Raw data ::
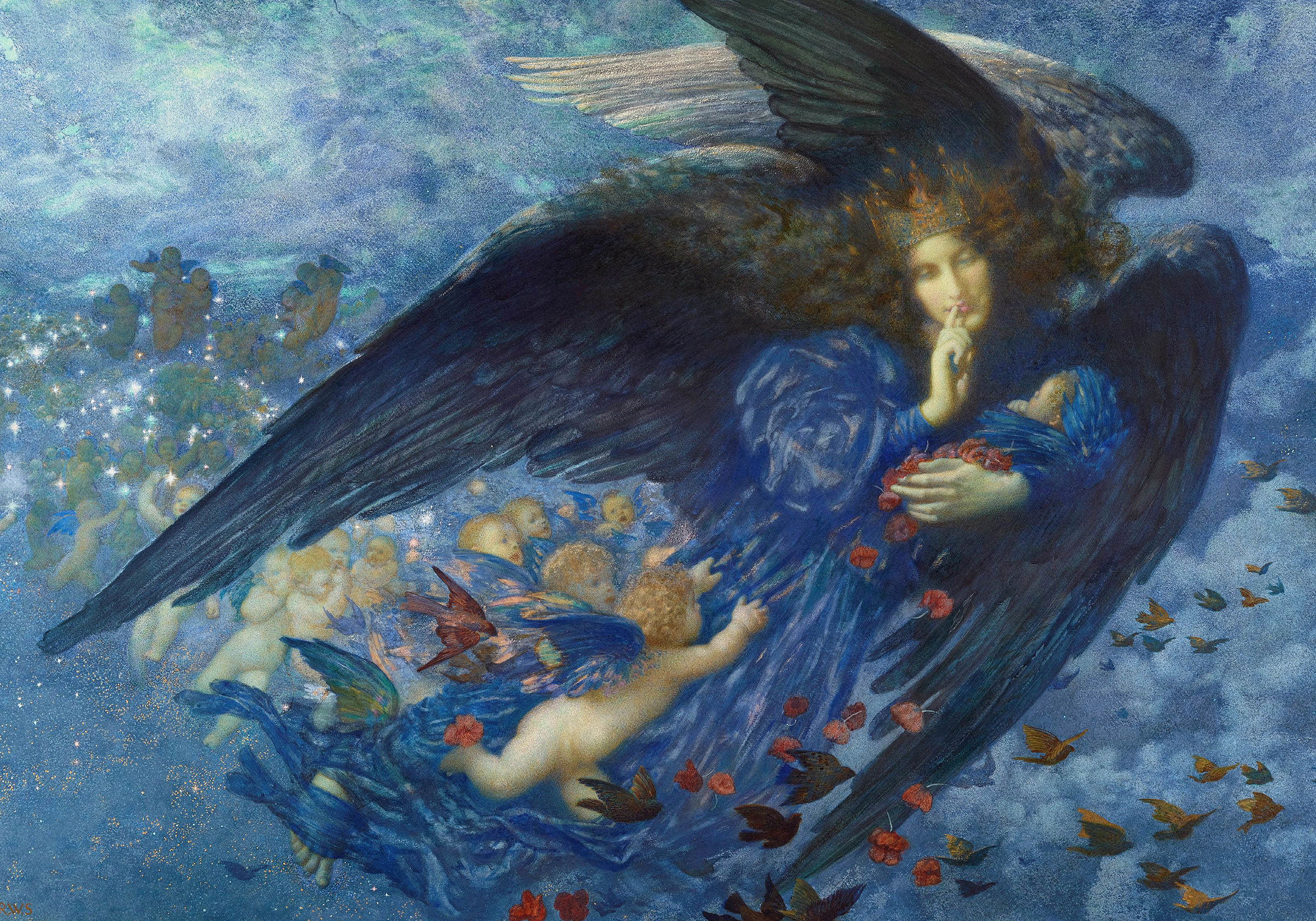From $15.57A print illustrating a celestial figure with dark wings and a crown, holding a baby. The figure is surrounded by small cherubs with blue wings against a starry sky with clouds. Red flowers and birds complete this ethereal scene in shades of blue, gold, red, and brown.
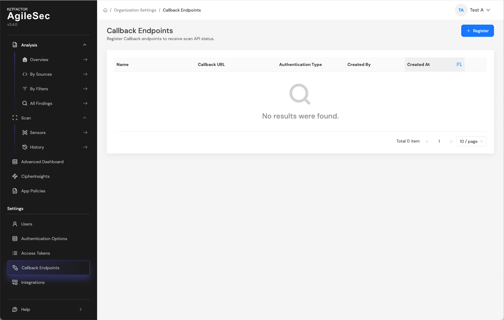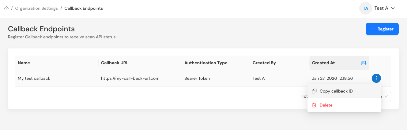 To receive scan status updates for API-initiated scans, you must register one or more callback endpoints. Registering callback endpoints lets you reference a pre-approved endpoint by Callback ID, so you don’t need to send sensitive callback credentials with each scan request.
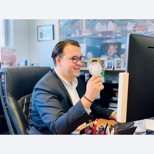 USB hand held fan with 3 adjustable levels, comfortable handle, and Micro USB charging cable, an ideal companion on-the-go. Your advertising is printed on the handle.
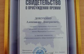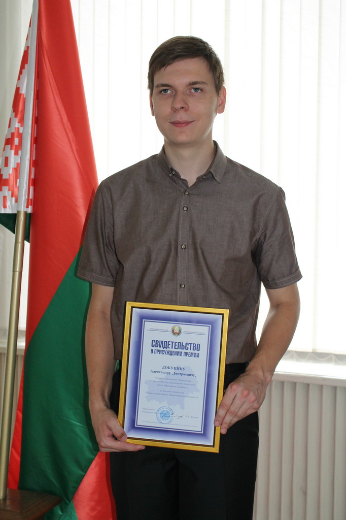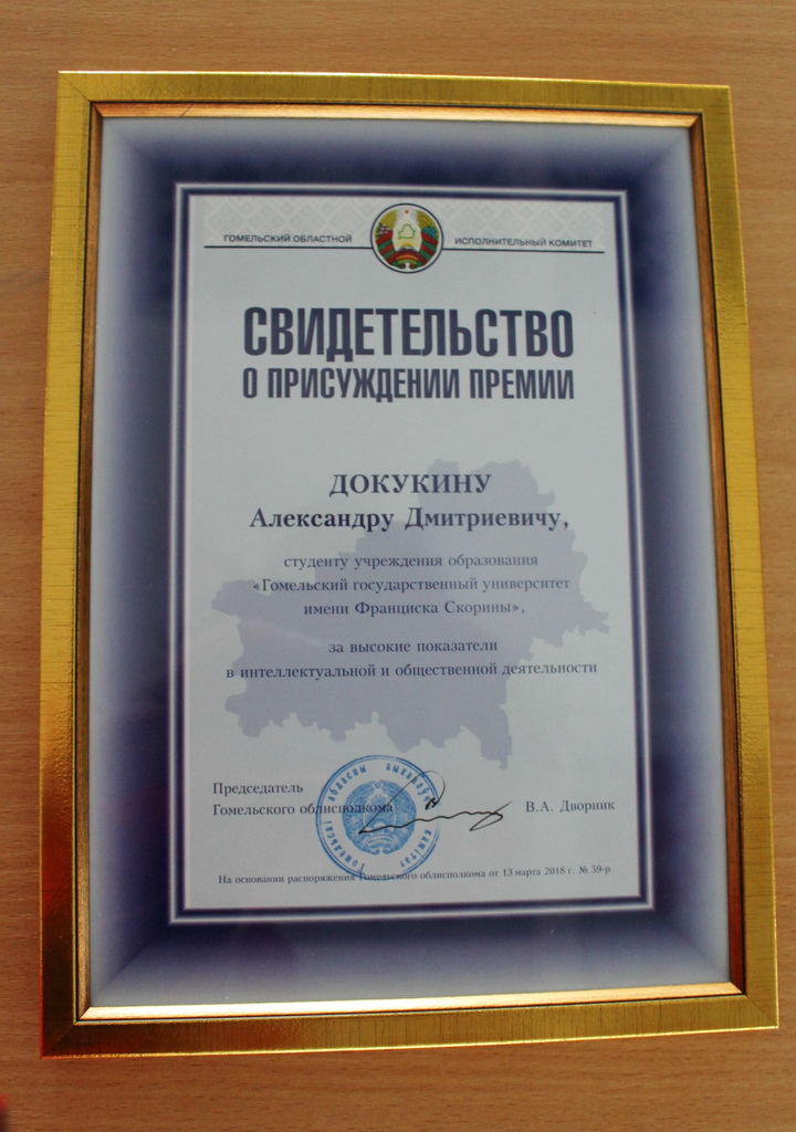 Студенту филологического факультета ГГУ имени Ф. Скорины Александру Докукину было вручено свидетельство о присуждении премии за высокие показатели в интеллектуальной и общественной деятельности.

What needs to be done :: Copy each line of the material above exactly, but not the images.

Answer box ::
From $15.57A print illustrating a celestial figure with dark wings and a crown, holding a baby. The figure is surrounded by small cherubs with blue wings against a starry sky with clouds. Red flowers and birds complete this ethereal scene in shades of blue, gold, red, and brown.
 To receive scan status updates for API-initiated scans, you must register one or more callback endpoints. Registering callback endpoints lets you reference a pre-approved endpoint by Callback ID, so you don’t need to send sensitive callback credentials with each scan request.
 USB hand held fan with 3 adjustable levels, comfortable handle, and Micro USB charging cable, an ideal companion on-the-go. Your advertising is printed on the handle.
 Студенту филологического факультета ГГУ имени Ф. Скорины Александру Докукину было вручено свидетельство о присуждении премии за высокие показатели в интеллектуальной и общественной деятельности.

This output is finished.